I also enjoyed the point of view of the son, particularly his matter of fact pragmatic approach to death. Sometimes I found this funny, though I probably wasn’t supposed to.

The story’s climax left me unsettled. The old father exits with “It’s not my fault. It was all forced on me.” The explanation for these words does not appear to lie within the story, yet the narrator seems to accept them with resignation and no puzzlement. The question hangs.

Despite this fractured conclusion, the story works. It paints its characters well with evocative detail, dropping tidbits about the father's navy days in the Korean War and World War II. In another instance the narrator types names from the past into Google, trying to form a grip on the long gone past. Also, I’m a sucker for stories about quiet fathers who build model train layouts. (That’s my dad.)

Themes and symbolism? I suppose you could see the trains that show up in a flashback scene as symbolic of the inescapable passage of time, especially because the father builds and stares at a railroad layout model of their hometown built to look exactly like the place did in 1926. None of that is obtrusive, fortunately, it’s just present if you look for it. No heavy-handed thematic gesticulating here.

This story is a morbid somber little song. Check it out.

A selection:

“Yes,” the son intoned gently.
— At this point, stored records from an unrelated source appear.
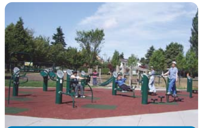
Tisdall 公園內西北角全新的健身活動區為耆英提供一個安全健身的場所。

對很多溫哥華人來說，年齡只是一個數字。去年夏天，在49街 Tisdall Park 興建的耆英健身活動區為年紀較長的居民創造了一個保持積極、健康、獨立生活的環境。這項計劃由 ActNow BC 資助。13個活動站選用了加拿大最先進的室外健身設施，適合成人使用，包括踏步機、蹲步機、平衡步機、太極輪等。優雅的公園廣場由花園苗圃、長凳、樹蔭點綴，可供居民憩息小坐，將健身運動融入日常生活，成為老人聚會、交友的場所。談到年輕的心，溫哥華綜合醫院（Vancouver General Hospital）的「快樂的心同盟」（Happy Hearts Alliance）健身中心在 Kensington 社區中心成立，有註冊教練和診所職員幫助病人康復，並提供心血管健康方面的指導。
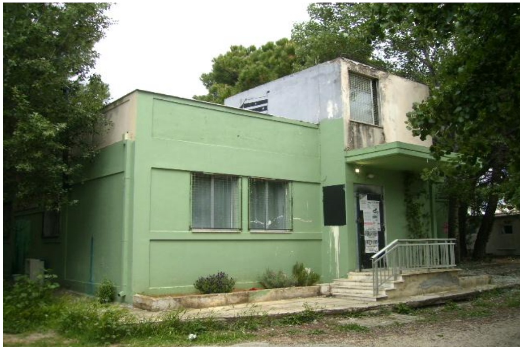
Εικόνα 21: Το κτήριο του Νεκροτομείου που σήμερα τελεί υπό κατάληψη
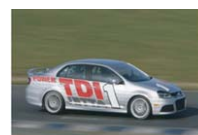
VW Jetta TDI Cup (U.S.A)

One of his legs-how strange!- was quivering inside his pant leg. “But there’s a way.” And he detailed the Hemlock Society’s method: Seconal to calm you, plastic bag held on by rubber bands or pantyhose, a painter’s mask to keep the plastic from being sucked into the mouth and nostrils, a baseball cap to keep it off your face. He had practiced saying this, ran through it now like he were back in law school, in moot court, where he’d always had his arguments memorized.

“A painter’s mask,” his father was repeating. His face registered the ingenuity of it. “That might work.”

Wednesday, September 21, 2005

Opening Salvo



"Shoot straight you bastards, and don't make a mess of it!"
-Breaker Morant, facing execution in 1902.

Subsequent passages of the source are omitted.